Study area

The study sites were located in the Fubo plantation station forests (21°57'–22°19'N, 106°39'–106°59' E) of the Experimental Centre of Tropical Forestry (ECTF) of the Chinese Academy of Forestry, Pingxiang City, Guangxi Zhuang Autonomous Region, China, which belongs to the subtropical region (Fig.1). The annual rainfall in the region is 1200 to 1500 mm; the temperature is varies between 20.5°C and 21.7°C, and the relative humidity is 80 %–84 %. The area is located at an altitude of 430–680 m above sea level (a.s.l), and the topography consists of low mountains. The study site soil, with a sandy texture, was formed from granite and is classified as red soil in the Chinese soil classification, showing pH value of 4.8–5.5 [18]. The former original forest, classified as semi-deciduous lowland forest, was clear-cutting in 1992/93. Then forests in the study area were artificial, even-aged forest and afforested in 1993. The initial density of afforestation was 2500 stems per hectare, as to install Masson pine (P. massoniana) monoculture. Since then, there are no forest management activities for 14 years till 2007 when the thinning harvest occurred.

Experimental design

We initiated the experiment to examine the effects of the management intensity on structure dynamic during 5-years of succession in monoculture forests. In this study, harvesting systems with different thinning intensities were applied during 2007 in stands of similar site quality. We established study plots in monoculture forests of southern subtropical China (Fig.1 A and B). Three experimental treatments were employed with different management intensities at individual bases in the study forest: light intensity treatment (LT, 450 ha⁻¹ remaining after logging), heavy intensity treatment (HT, 225 ha⁻¹ remaining after logging), and control forests (intact stands with minimal silvicultural or human intervention) (Table 1). Stands were logged during the summer of 2007. Before the treatments, there were no statistically significant differences between the treatment categories in the total volume of dead or living trees. The harvesting equipment was restricted to the machine corridors and reached into the residual strips to remove trees, thus there was minimal disturbance of the forest floor or soils in the retained strips.

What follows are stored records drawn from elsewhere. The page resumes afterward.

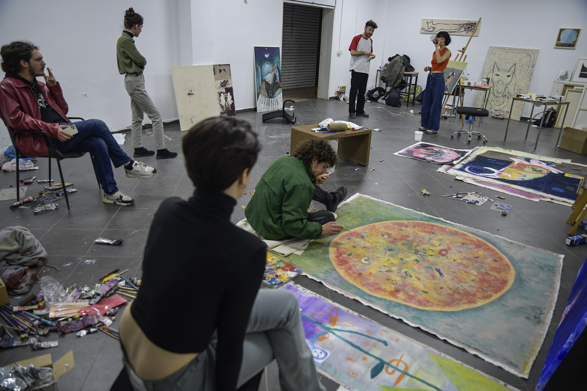 Pre nekoliko meseci, prostor u kom je danas smešten umetnički studio bio je tek jedan od brojnih upražnjenih prostorija u Palati. “Ne biste prepoznali ovaj prostor kada biste ga uporedili sa onim kako je nekad izgledao”, kaže Arbnor Karaliti, slikar i član kolektiva mladih vizuelnih umetnika koji su početkom ove godine preobrazili prostor u secište alternativne, eksperimentalne umetnosti.
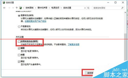 4、接下來從此界面的最下方“關機設置”欄目中,清除勾選“啟用快速啟動(推薦)”項,點擊“保存修改”按鈕完成設置。
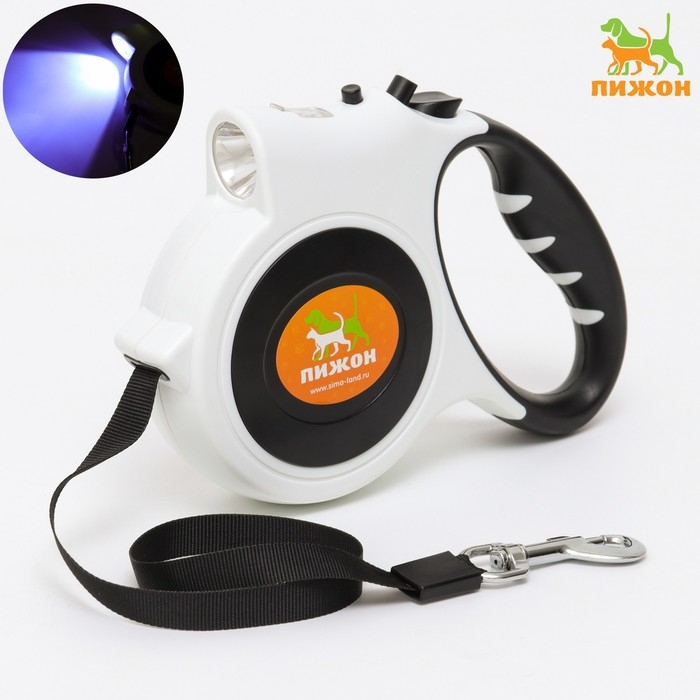 Рулетка "Пижон" с фонариком - это уникальный инструмент, который позволяет вам выгуливать питомца в ночное время. Рулетка имеет длину 5 метров, что позволяет вашему питомцу свободно двигаться и наслаждаться прогулкой. Она подходит для собак весом до 35 кг.
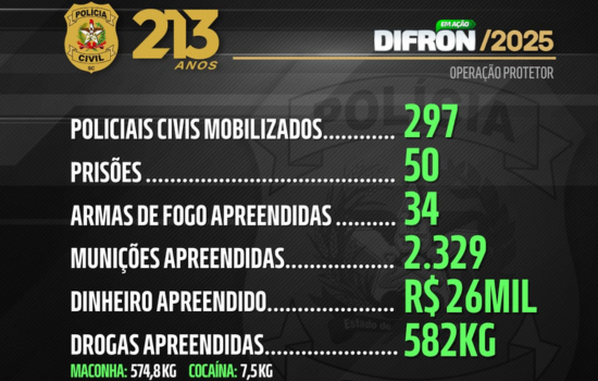 Durante o ano de 2025, a Polícia Civil empregou 297 policiais civis nas operações, efetuou 50 prisões, apreendeu 34 armas de fogo e 2.329 munições. Também foram retirados de circulação 582 quilos de drogas, impactando diretamente as estruturas financeiras das organizações criminosas que atuam na região.
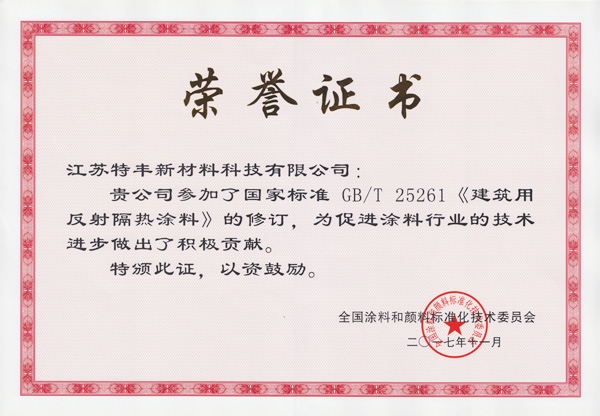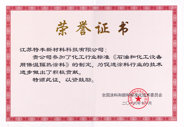 職業(yè)健康安全管理體系認證證書 | 2016年全國涂料顏料標準委榮譽證書 | |
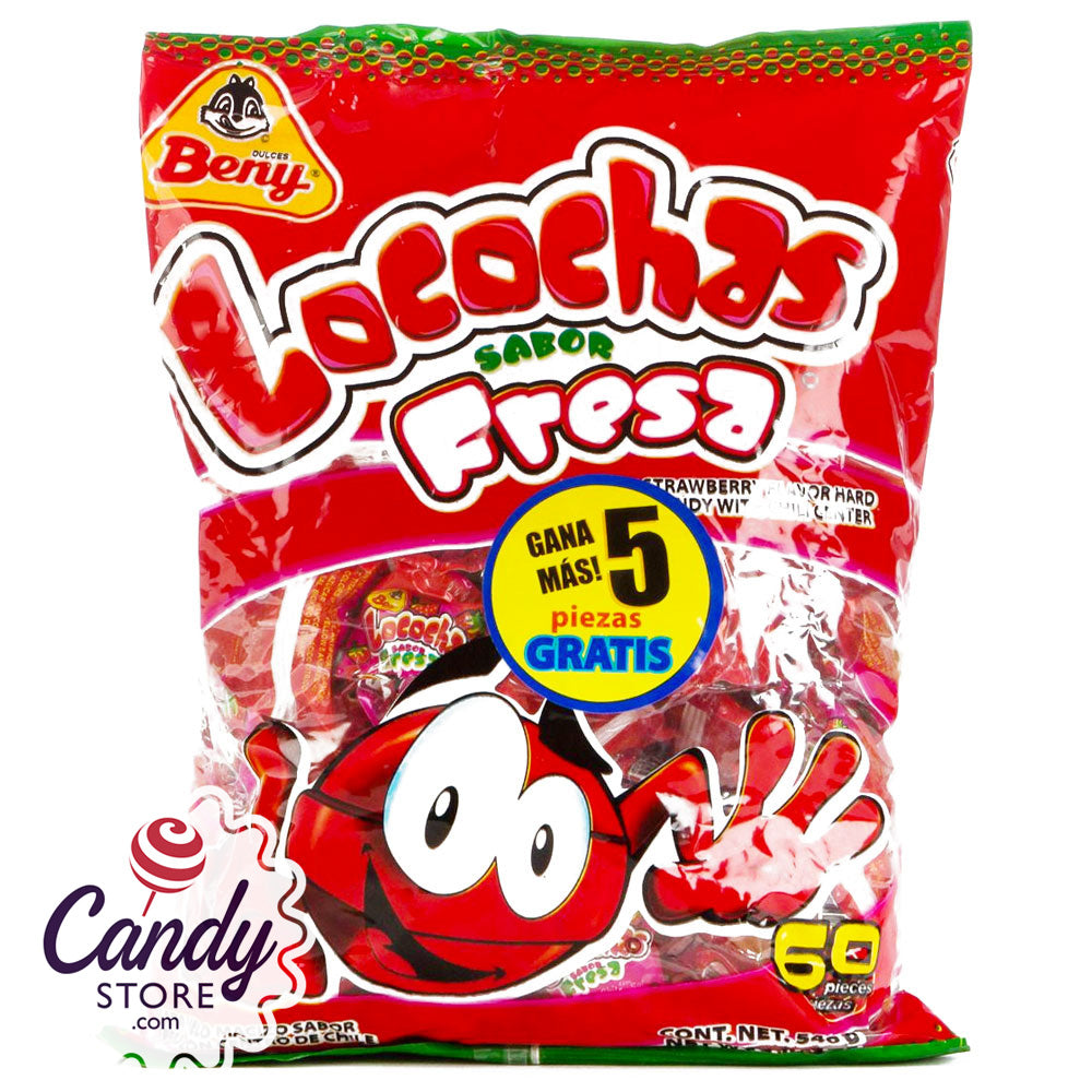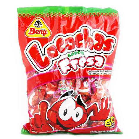 Strawberry hard candy with a chili center is a popular Mexican candy! Caramelo macizo con centro chile. Beny Locochas Fresa.
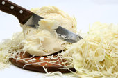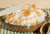 Для приготовления рубленой квашеной капусты также используются поздние сорта. Плотные тугие вилки очистить от верхних загрязненных и разорванных листьев, разрезать на две или четыре части, после чего нашинковать полосками шириной 3—5 мм. Обычно подготовленную таким образом капусту кладут в банки или в небольшие кадки, предварительно посолив и хорошо перемешав ее в большом сосуде. Количество соли не должно превышать 20—25г на 1кг капусты. При использовании соли в большем количестве квашеная капуста становится очень соленой, а, кроме того, излишнее количество соли задерживает развитие молочнокислых ферментов, в результате чего создаются условия для развития нежелательных микроорганизмов. Если количество соли ниже необходимого (15—17г на 1кг капусты), то она становится мягкой, так как в ней начинают развиваться гнилостные бактерии.
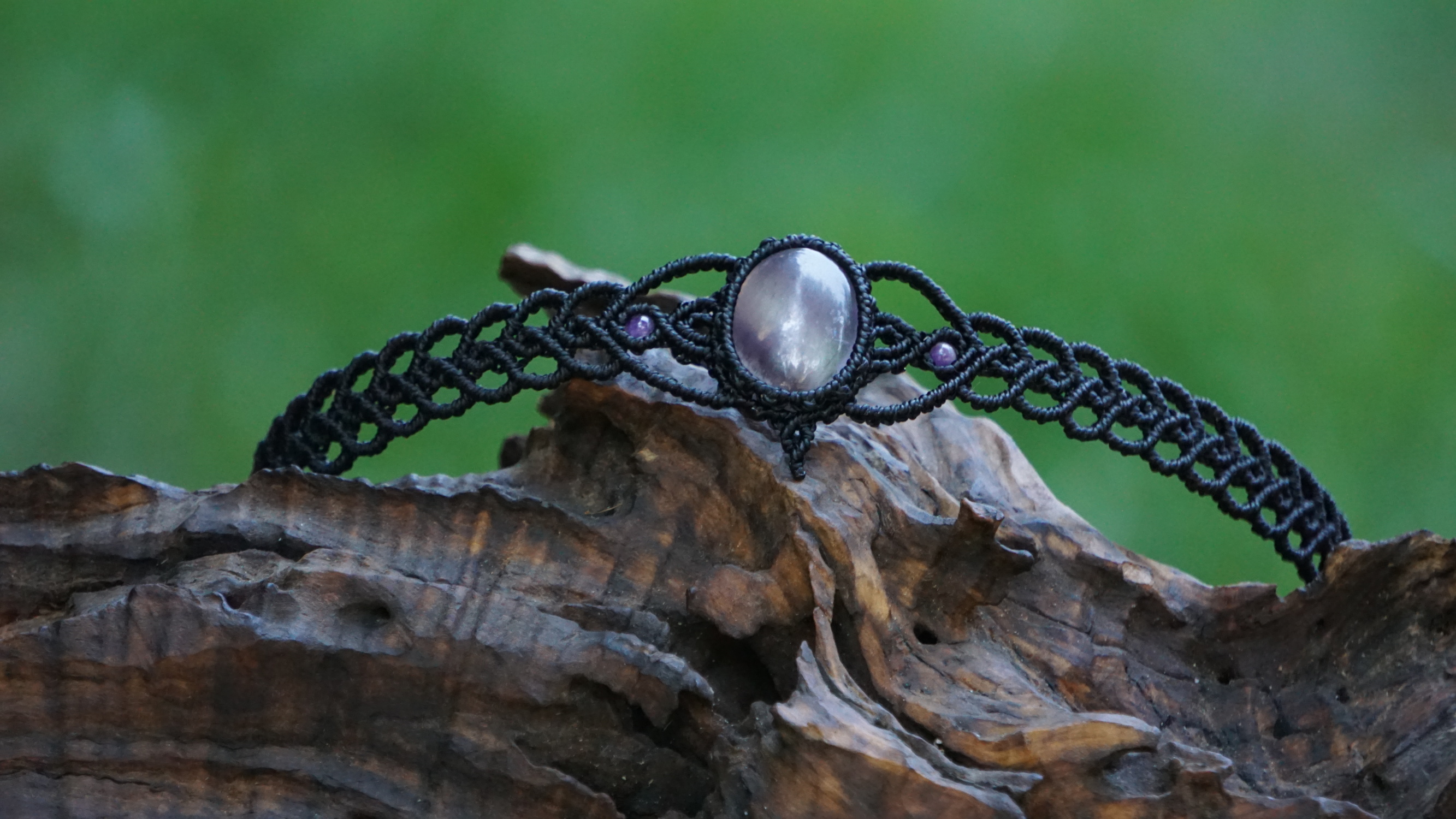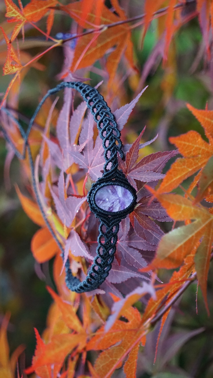 Šperk vznikl technikou micro macramé, což uzlíkování pouze za pomoci šikovných prstů a fantasie. Používám brazilské povoskované šňůrky, které jsou jedny z nejkvalitnějších na světě pro svou pevnost a stálobarevnost. Zapínání je na utahování, velikost je tedy univerzální. Barva nitek je černá, kámen uprostřed ametyst (přírodní, nedobarvovaný), korálky uprostřed jsou ametystové, na koncích je fluorit (též přírodní).
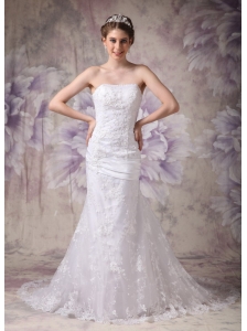Beautiful Mermaid Strapless Lace Wedding Dress Appliques Court Train
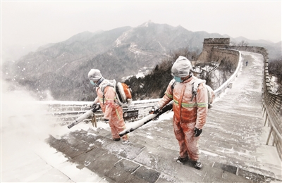 12月9日清晨,一场降雪让八达岭长城银装素裹,美景如画,白雪掩盖了登城步道。清晨5点30分,身着橘红色工作服的景区保洁员们到岗,赶在7点30分开园前,为游客清理出安全通道,成为寒冷冬日里一道亮丽风景。截至中午,经过近7小时的连续奋战,景区积雪基本清理完。据了解,多年来,八达岭景区加强文物保护,城上除雪全部采用人工清理的方式,坚决杜绝因投放融雪剂对墙体造成腐蚀破坏,确保游客人身和文物安全。
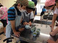 5年生の家庭科の授業で、お茶の入れ方を勉強しました。お茶を入れるとなんだかほんわかした気分になります。先生の説明を聞きながら、グループで丁寧に作業をしました。
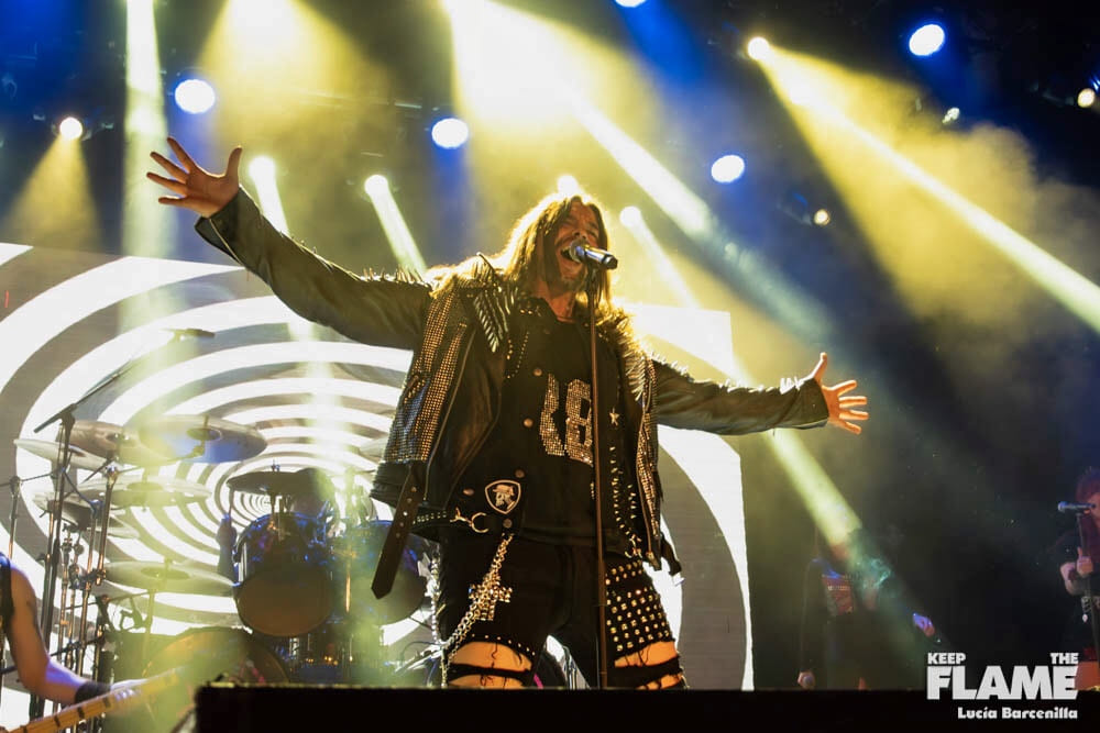 Seguía con "El Metalverso" y "El Paseo de los Tristes" el concierto sonaba muy metalero, y es que llevar tres guitarras se tenía que notar, pero con un sonido muy bajo en las voces de Rafa. Sonido que aunque posteriormente mejoró algo, en ningún momento fue óptimo. Y hablando de Rafa, no había tenido oportunidad de verle aún (mi último concierto de Mägo de Oz es de la gira de "Illusia") pero me encantó su actitud, con mucha fuerza en cada uno de sus gestos, incluso recordando en algunos momentos su mejor etapa como banda.
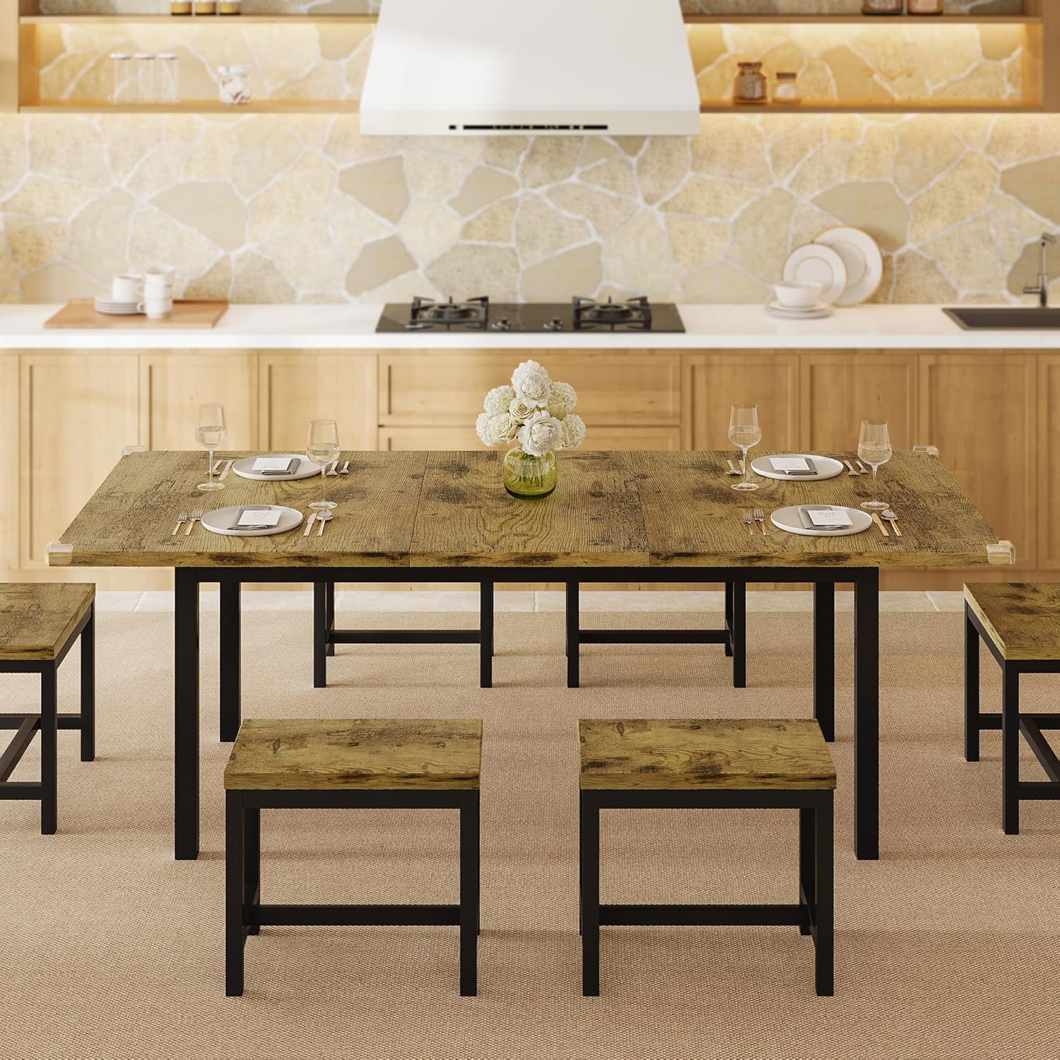 - Safety Thoughtful Design: Safe corner protectors ensure a hassle-free dining experience for all, and easy-to-maintain surfaces that require little effort to keep them looking great
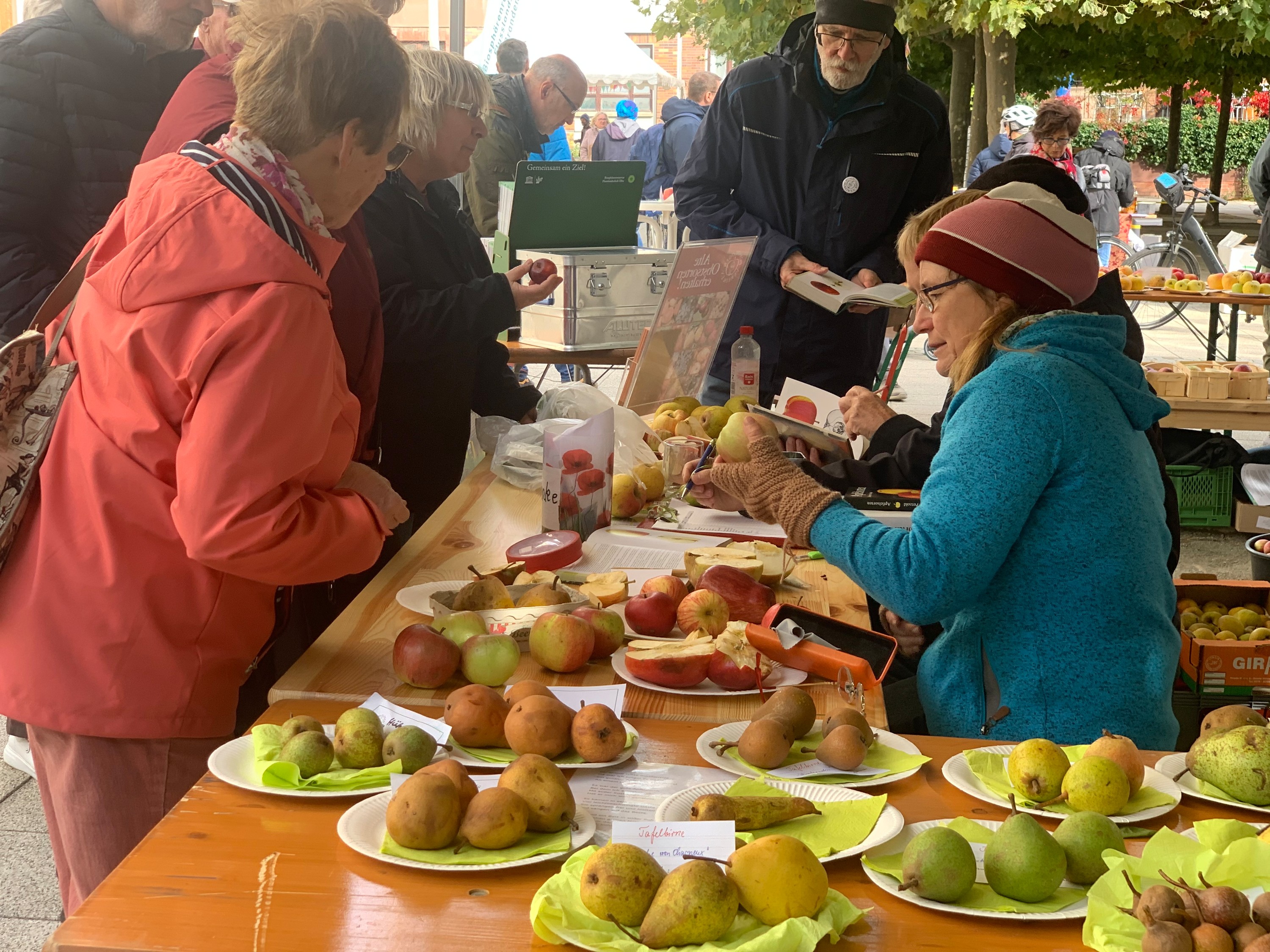 Zentrale Programmpunkte des Apfelmarkts sind die Sortenausstellung und die fachkundige Bestimmung von Apfelsorten durch erfahrene Pomologinnen und Pomologen. Wer eigene Äpfel mitbringt, erhält fundierte Hinweise zu Sorte, Anbau und Pflege. Für eine erfolgreiche Bestimmung sollten vier bis fünf typische Früchte einer Sorte mitgebracht werden – möglichst mit Stiel.

In each intensity level, a total of 20 initial permanent plots were randomly selected from the grid for field investigation. Each permanent plot consisted of an inventory circular plot of 400 m² (11.2 m radius) for measuring trees with diameter at breast height (DBH) ≥ 5 cm. Within each plot, a smaller 5 × 5 m subplot (25 m²) of was placed to survey species recruitment (Fig.1 C). The DBH, height, density and coverage of tree species were recorded. DBH-measured 1.30 m above the ground, were noted and tree height was measured using an optical height meter (PM-5/1520 P, Suunto, Vantaa, Finland). For each subplot, we investigated composition and number of natural regeneration and shrub; each tree was checked to see if it was living or dead and if the dead tree was standing or had fallen. We surveyed once before the harvest in the summer of 2007, and again in the summers of 2008, 2010, and 2012.

Fig.1.

Study sites in the subtropical zone, near Pingxiang city, Guangxi Province, China. A and B indicates the general location of the heavy intensity and light intensity treatments plots, respectively. C represents circular plot were in each treatment.

Table 1.

Quantitative information before and after thinning on the study plots (mean±SE).

Data analysis

By utilising five years (2007–2012) permanent-plot experiments conducted in monoculture forest, species richness and abundance, stand density of adult trees, DBH, height, basal area, density of tall saplings and juveniles were compared between the three treatments using a standard one-way ANOVA. Means that exhibited differences were compared using Tukey's test with a 5 % probability significance threshold to test for differences in the percent cover after the disturbances of different intensities. We quantified the diversity which was characterised based on three measures: species richness, Shannon index, Pielou's index and Simpson index were calculated separately for each plot in each study site. Species richness (S) is number of species found in a plot.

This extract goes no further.